I worked with a man not long ago who had done something similar. He had previous successful business exits and financial success, but his latest business had dropped from £90,000 a month to £30,000. His wife had moved out, and his relationship with his kids was strained. He walked into the room with authority, knew his stuff, and looked completely capable.
We didn’t touch his marketing or rebuild his funnel; we worked on him. On the stories he was running, on the fear driving his decisions, on the gap between the man he was showing up as and the man he actually was.
Within three months, his business started to recover. His relationship improved, and his wife moved back in. Things that had been stuck for months began to move, not because the strategy changed, but because he found out who he really was, removed the fear, and found the truth.
The Silence Around It
What makes this crisis so isolating is that most successful men don’t talk about it. And when they try, they are often met with confusion, banter, or dismissal. Admitting emptiness while appearing accomplished feels contradictory, like failure disguised as confession. And in British masculine culture, that kind of vulnerability carries a specific social tax. When a man encounters that response, he tends to suck it up and push even harder, which makes the whole problem worse.
I spent over £100,000 on personal development, trying to solve the thing underneath. Business coaching, masterminds, events, frameworks.

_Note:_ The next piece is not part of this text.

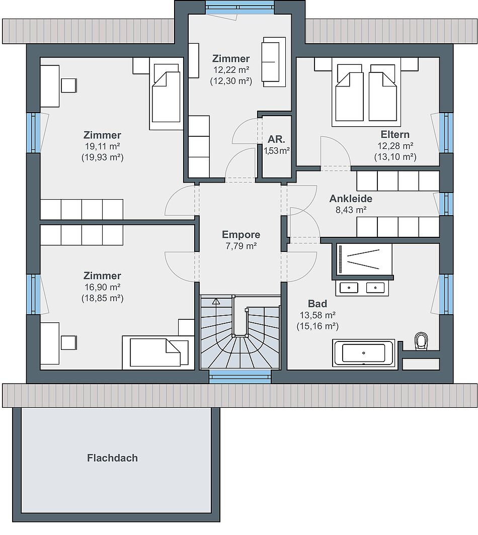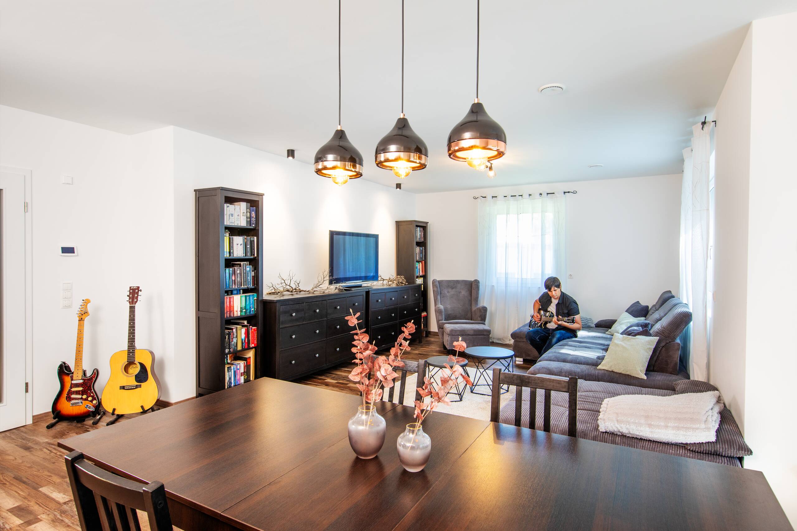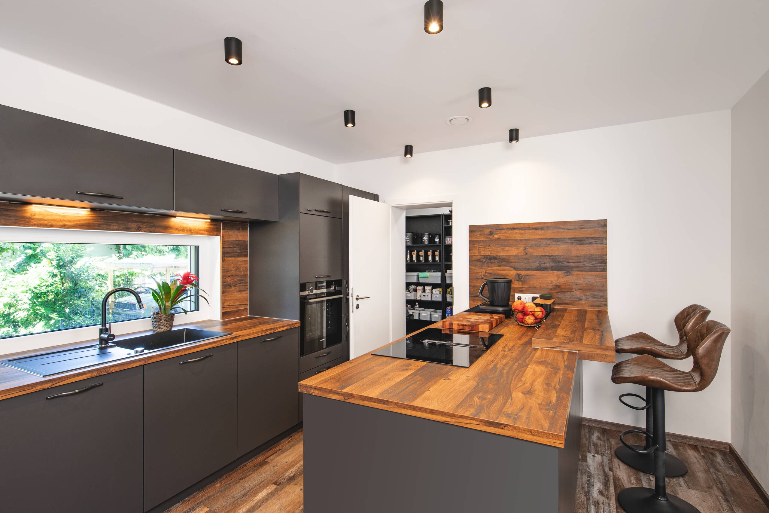Stilvoll, schick und modern – so präsentiert sich dieses anderthalbgeschossige Satteldachhaus seinen Betrachtern. Blickfang ist der Erker auf der Gartenseite, der sich in einen dritten Giebel mit interessantem Dreiecksfenster erweitert. Die strahlend weiße Putzfassade wird kontrastiert von den anthrazitfarbenen Fensterrahmen und dem Sockel, der ebenfalls in Anthrazit gehalten ist.

Some of it was useful, but none of it touched the real problem, because none of it asked the right question.
The real question is not: How do I fix my business, my fitness, my relationships?
It is: Who am I being right now, and how is that creating the outcomes I am experiencing?
Finding Your Way Back
The path forward isn’t about achieving more or climbing higher; it is about completely different work. The internal work of asking the questions that have been sitting underneath everything all along.
Who am I? Why am I here? Everyone has a purpose, not some of us, everyone. And there is nothing enlightening or inspiring about playing it small.
Here is what I know from the work I have done on myself and the men I now walk alongside: the internal compass can be brought back. The feeling of being almost dead inside is not permanent. But it cannot be fixed by another strategy, another framework, or another year of keeping the treadmill running. You can liberate yourself from fear.
For me, the shift began when my coach looked at me during one of the darkest periods of my life and said simply: “That’s fear. You’re operating from fear.”
No one had ever said that to me before. Every other person in my professional life had been exploiting it without naming it.
That single observation changed everything, not because it was complicated, but because it was true, and it was finally named.
The Real Work
Success without direction is like running at full speed without knowing where you’re going. It looks impressive from the outside, but from the inside, it feels empty.
The good news is that once you acknowledge the directionlessness, it can be addressed. But it requires something most high-performing men have never been given: permission to put down the performed version of themselves, and the conditions and the brotherhood to find out who is actually underneath.
That is the conversation most men have never had, not because they don’t want it, but because nobody has ever created the space for it.
And if something in this article made you feel, just for a moment, that someone finally understands what you are living, that feeling is the beginning of something important. Don’t bury it with work.